Collected data entries
>>>

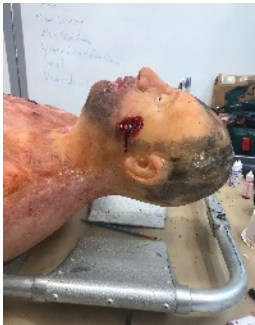
3) Bringing the model to life
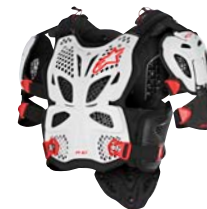
ANTHRACITE BLACK RED // 1431
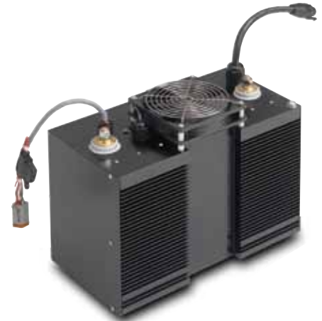
Inverter/charger model #4220507 shown
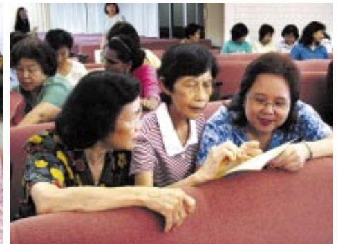
Ladies interacting with one another while trying to form as many words as possible with the word, "Pleasure"
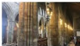
Sunday Morning Service- 16 October 2022
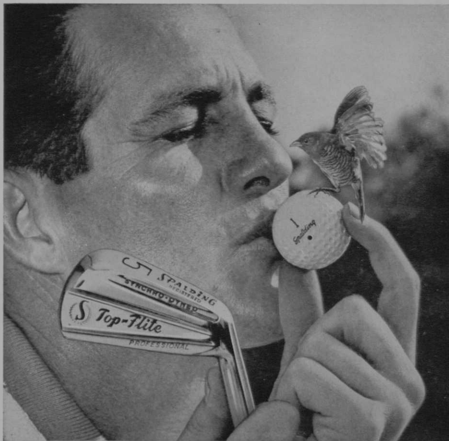
Jay Hebert, Spalding Advisory Staff Member, 1980 P. G. A. Winner
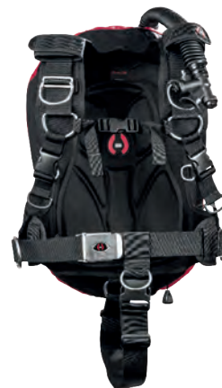
Figure with optional backplate
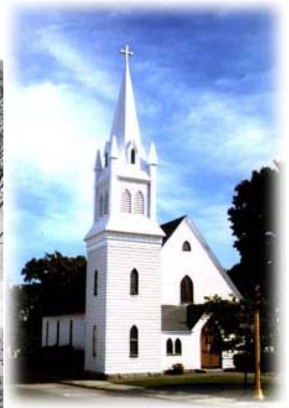
TRINITY CHURCH NOW
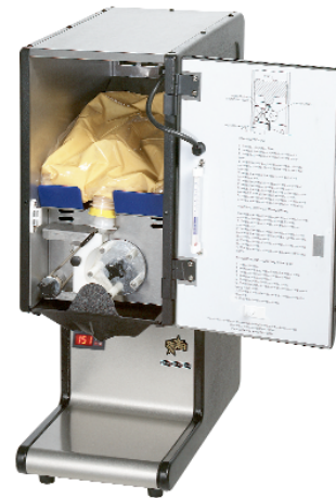
Model HPDE1 (cheese not included)
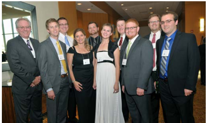
Attending the Mining Hall of Fame Dinner
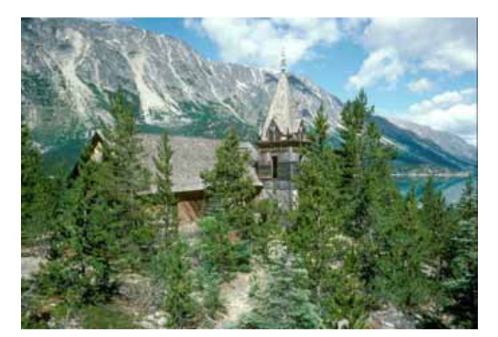
Fig. 7 St.Andrew`s Church 1900

<<<

### Requirement:
Return every line in the records that includes the string "with".

### Written solution:
Ladies interacting with one another while trying to form as many words as possible with the word, "Pleasure"
Figure with optional backplate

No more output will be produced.